Jesus of Nazareth challenged the ruling authorities, drew dangerously large crowds, made inroads among leadership, remained blameless before the law yet a threat to the standing order because he would not stop challenging the sinful domination system:  after months of plotting they executed him.  It was government sanctioned political assassination.  No remote God was happy or felt avenged.  The God who had drawn near in this humble, poor Jewish man knew sorrow and was acquainted with grief at the betrayal and rejection of relentless love.

Saturday, March 23, 2013

Simeon's Story

This is a narrative sermon delivered in the Shaw University Divinity School Chapel service on March 23, 2013.  It is both an preaching text and a teaching exemplar.  In this particular instance, I had to create imagined characters who could give first person accounts as observers of the events in the biblical account.  

While narrative preaching may not be the bread and butter of the pulpit, it can be a valuable contribution in a number of ways.  In this case, a narrative sermon provides an imaginative alternative for high holy days such as Palm Sunday when the preaching text may be similar from year to year.  The different approach allows a preacher to enliven a text in new ways across many years of ministry.  

Secondly, a narrative sermon series can offer a unique way to develop sermons on a set of characters from scripture or a series of stories in a book of the Bible.  

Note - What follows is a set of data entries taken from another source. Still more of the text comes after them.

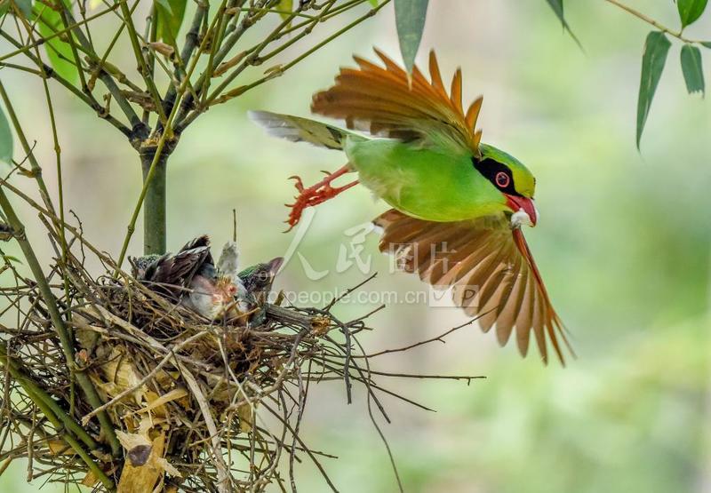 2021年5月3日,蓝绿鹊归巢喂食幼鸟。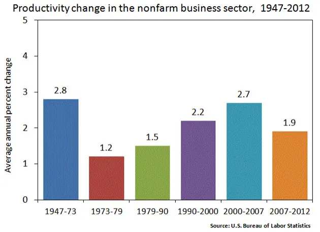 更糟糕的是,生产率也放缓了。根据 美国劳工统计局的数据,年生产率增长从1970年代初期到2007年稳步加快。从2007年到2012年,它降至1.9%,而在前七年为2.7%。因此,美国不仅劳动力增长缓慢,而且国家从工人身上榨取更多产出的能力也停滞不前。
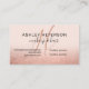 An elegant modern monogram , stylish makeup artist business card with elegant modern simple hand lettering style typography in white on a faux rose gold foil metallic and blush pink trendy and elegant background. all text is customizable, add your social media.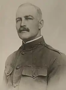 In 1894, Hill enlisted in the Illinois National Guard as a private assigned to Company F, 4th Infantry Regiment.[1] He advanced through the ranks to first sergeant of his company.[3] During the Spanish–American War, his unit was mobilized as part of the United States Volunteers and trained at Camp George H. Thomas, Georgia, then returned to Illinois after the end of the war eliminated the need for their continued service.[3] He was commissioned as a second lieutenant in 1899.[1] Hill was promoted to captain in 1902, commanded Company F, and later served as adjutant of the 5th Regiment.[4] He was promoted lieutenant colonel in 1908 as second-in-command of the 5th Regiment.[4] In early 1914, Hill was assigned to command of a provisional regiment in the Illinois National Guard.[5] In late 1914, he was promoted to brigadier general as commander of the Illinois National Guard's 2nd Brigade.[1][3]

Additionally, preachers will find that occasional narrative preaching can also assist them as readers to see more deeply into texts, as for instance the very brief comments made by the gospel writer about the disciples coming to pick up the colt with the simple statement, "The Lord has need of it."  What sort of background made that easy to do?  Alternatively, was it more complicated than the gospel account explains?  Asking these probing questions assists preachers to seek richer and fuller understanding of the text.  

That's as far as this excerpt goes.